Enough; Because deep down men know that sexist shit-talk is just a lazy substitute for real wit.
They know that work is not sexy time.
They know that if they have to insist it was consensual, it probably wasn’t.
They know that women really don’t want to hear about their boners (and that they shouldn’t say boner because they’re not fifteen.)
I imagine leaders in our industry will now come rushing forward with talk about how women should feel safe and valued in our restaurants. But is it any wonder that dick culture persists in professional kitchens when most of the women are gone from the back of the house by the time they hit their 30s? When the ones who remain are paid, on average, 28% less than their male counterparts? Men vastly outnumber women as chefs in top kitchens, but not, as legend has it, because only ‘real men’ can stand the heat.

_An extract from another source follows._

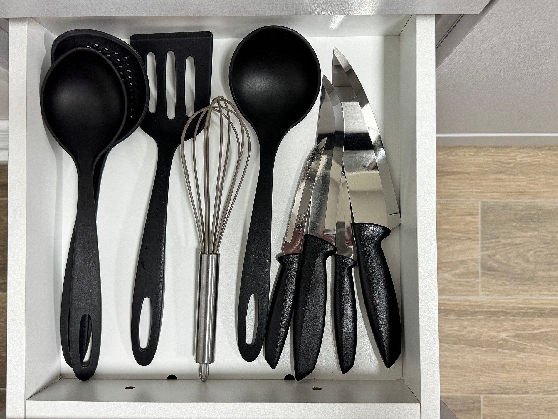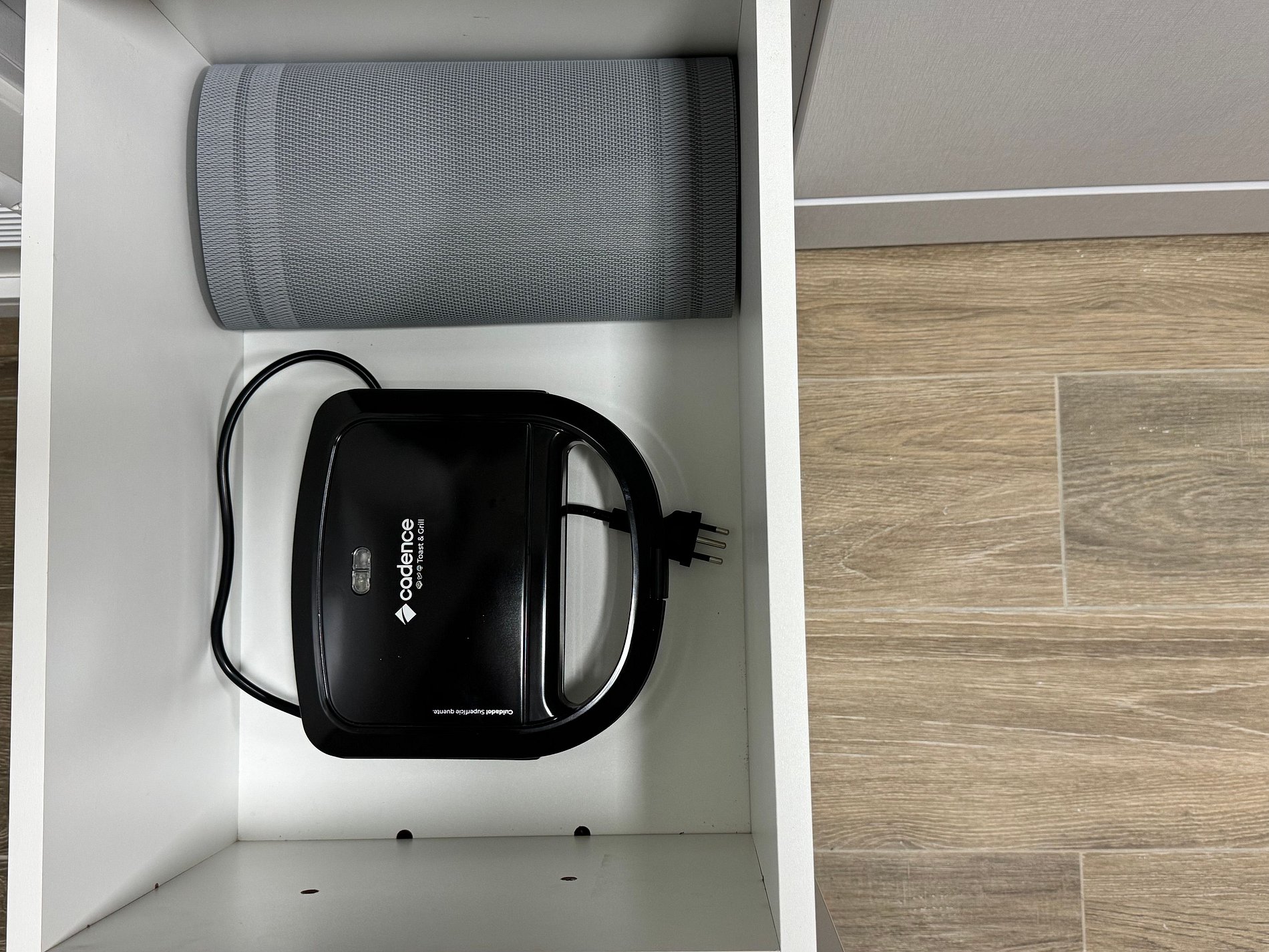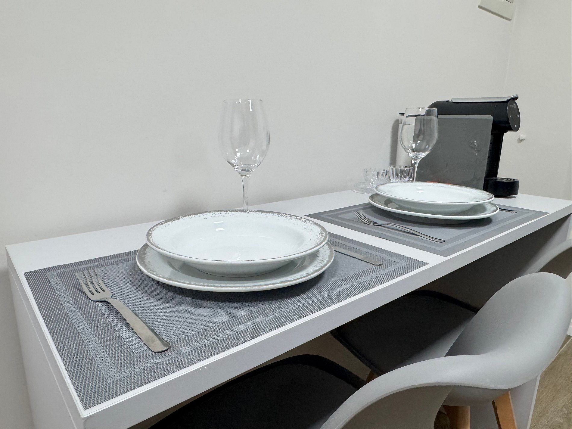 La cuisine compacte est fonctionnelle et bien équipée avec plaque de cuisson, réfrigérateur, micro-ondes, cafetière et ustensiles essentiels, offrant l’autonomie nécessaire pour préparer aussi bien un café rapide que des repas complets.

We need to do more than pay lip service to fixing this. It’s not enough for us to ask, ‘How can we behave differently around our women employees and coworkers?’ Instead we should be asking ‘What barriers to their success do I owe it to them to remove?’ Those of us with our own kitchens should be asking ‘What have I been able to take for granted on my way to the top that women often can’t, and how can I help fix that?’ It’s time we reimagine the family-averse work week that tells young cooks being a ‘real’ chef is incompatible with being a parent. That tradeoff is a Faustian bargain, and its own form of harassment. And while we’re at it, let’s scrap those beloved myths about brawn, blood, and blind sacrifice that chefs and their acolytes use to justify exploitative work conditions. Sure, we all sweated and scrapped and worked damn hard to get where we are, but most of us did it without the added torment of sexual harassment. Enough.

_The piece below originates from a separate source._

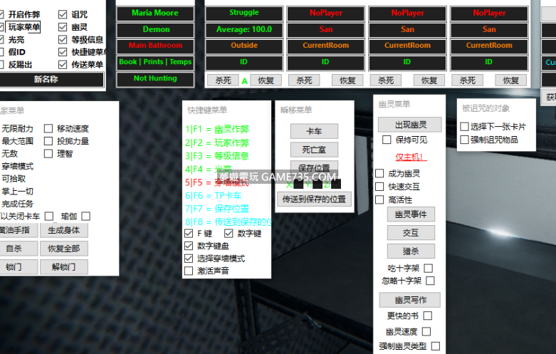 replyreload += ',' + 2307028; 支援版本:0.7.1.5 功能: 新名稱-修改玩家名字 無限耐力 移動速度修改 最大範圍 投擲力量 無敵 理智值修改 穿牆模式 等級資訊(顯示幽靈資訊 和 玩家資訊) 幽靈資訊(幽靈名稱

A generation ago, American chefs were the young upstarts, bucking old-world conventions and forging a new path. We were the ones to watch. Is this the end of that era? Is this what passing the baton looks like? Or do we have a second act in us, one in which we excite eaters more than ever because we’re empowering a new generation of talent? Can we finally redefine, in our collective minds’ eye, what the race, gender or sexual identity of a top chef might be, and take the steps to make that happen? Chefs are a tough bunch; canny, creative and quick on our feet. That’s why I’m betting our industry can shrug off its leering lizard skin and get this right. I’m betting that we’re smart and confident enough to level the playing field and create real opportunity, or at least learn how it’s done from the new crop of women (and men) running their own kickass kitchens humanely and winning awards, while parenting young kids. I’m betting we can reinvent our industry as a place where people of all genders feel safe and prepare to lead.
Some aging bros may give us flack for it. But only until they see the food.